『Wonderful Story(ワンダフルストーリー)』伊坂幸犬郎、犬崎梢、木下半犬、横関犬、貫井ドッグ郎

 

Wonderful Story(ワンダフルストーリー) (PHP文芸文庫)

Wonderful Story(ワンダフルストーリー) (PHP文芸文庫)

 

 

本に記された作者名は、伊坂幸犬郎、犬崎梢、木下半犬、横関犬、貫井ドッグ郎。
あれ?と思ったけれど、ほんとうにそのように書いてある。
この本は、(名前の一部が)犬になった、あるいは犬になりやすい名前(!)をもった現代の著名作家たちによる、犬絡みの作品を寄せたアンソロジーなのだ。
なんて楽しい企画だろう。


それぞれ個性的な作品だけれど、人間の物語に、何も知らずに素直に巻き込まれてしまう犬たちが、不憫であったり、愛しかったりする。


好きなのは、『パピーウォーカー』(横関犬)
人間と話すことがめちゃくちゃ苦手だけれど、犬との会話が得意な盲導犬訓練士と、若者らしくない駄洒落連発の研修生との、コンビがとってもいい。何より、盲導犬のけなげさが心に残る。
これ、連作になればいいのになあ。


連作になればいいのに(この一作だけではあまりに惜しいじゃないか)と思う作品はほかにもあるけれど、その一つが『イヌゲンソウゴ』(伊坂幸犬郎)
犬たちのネットワークがよいのだ。陽気な犬たちだって、きっと地球くらいはまわしちゃう。このチームが活躍する作品、もっと読んでみたい。

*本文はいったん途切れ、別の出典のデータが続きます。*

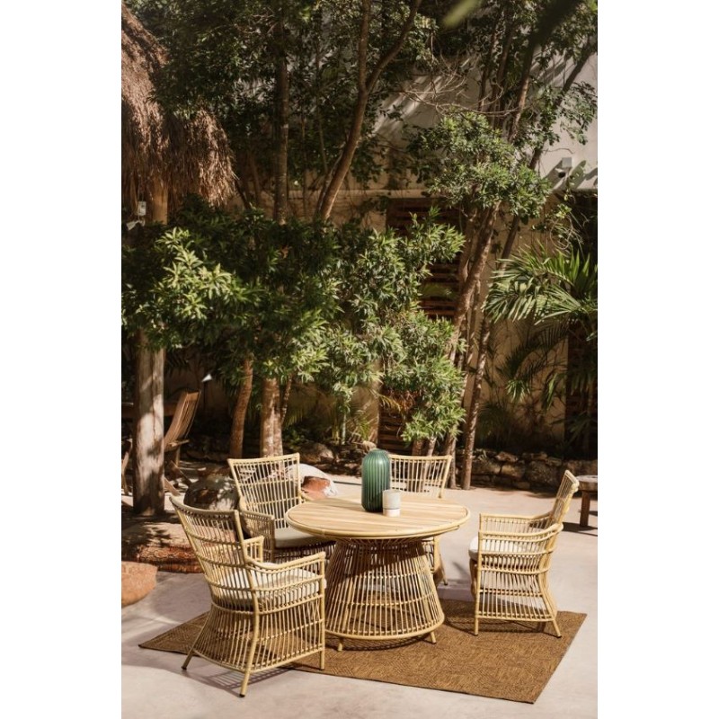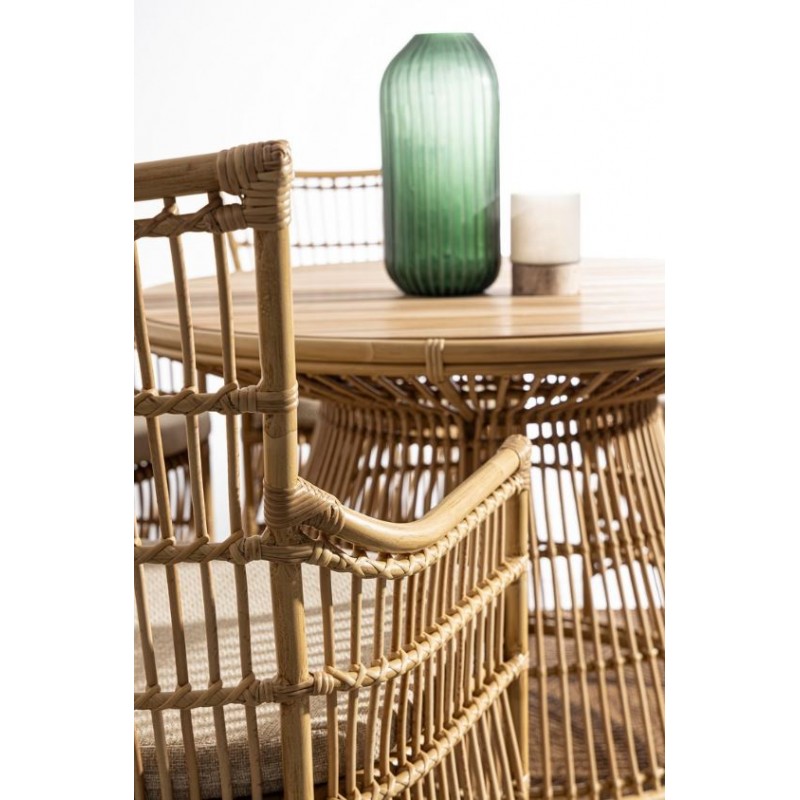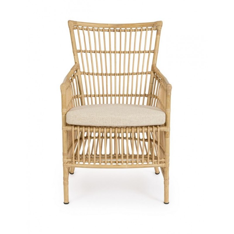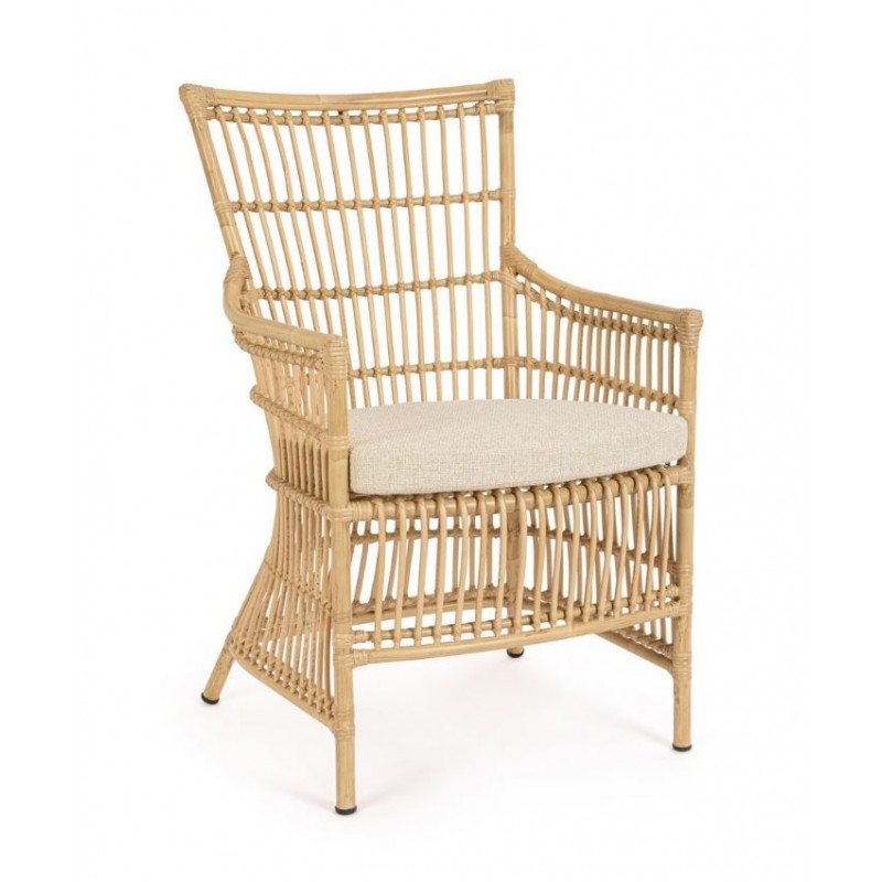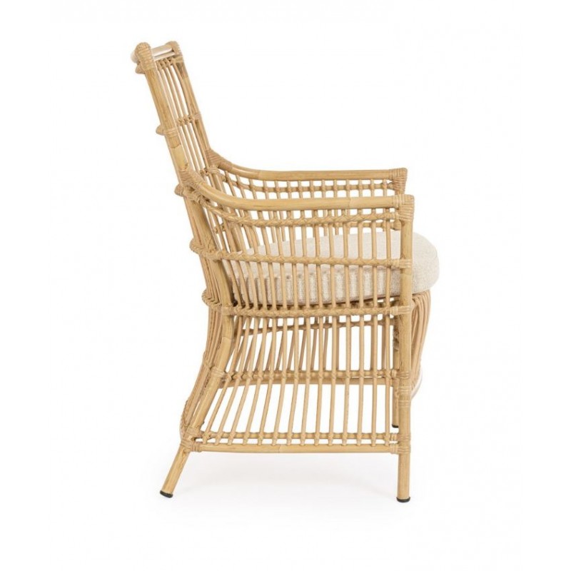 La struttura in alluminio verniciato a polvere effetto rattan si intreccia con maestria con la fibra sintetica, creando un gioco di geometrie morbide e armoniose. La sedia Adelma è realizzata con materiali di altissima qualità, resistenti all'acqua, ai raggi UV e alle intemperie. Potrai lasciarla tranquillamente all'aperto senza doverti preoccupare di rovinarla, sicuro che manterrà la sua bellezza intatta nel tempo. I cuscini in tessuto color beige, sfoderabili e lavabili, sono realizzati in morbido tessuto sunproof olefin per offrirti un comfort e una resistenza all'ingiallimento senza pari. Potrai rilassarti completamente e goderti il tuo tempo libero all'aperto, cullato dalla piacevole sensazione di morbidezza

犬のネットワークといえば、『犬は見ている』(貫井ドッグ郎)の、あるんだかないんだかわからないそのネットワークは、不気味で、じんわりと怖い。


大人の事情に翻弄される少年の、犬を飼いたい気持ちが染み入るような『海に吠える』(犬崎梢)もよかった。伝説の源義経の犬、若丸の伝説が生きている。


『バター好きのヘミングウェイ』(木下半犬)は、不快なことこのうえなかったが、ヘミングウェイがヘミちゃんに変わったところで、くすっと笑えた。


楽しい企画の仕掛人による解説も、楽しかった。
もし、第二弾があるなら、ポチ新一の作品も…とのこと。第二弾、あったらいいな。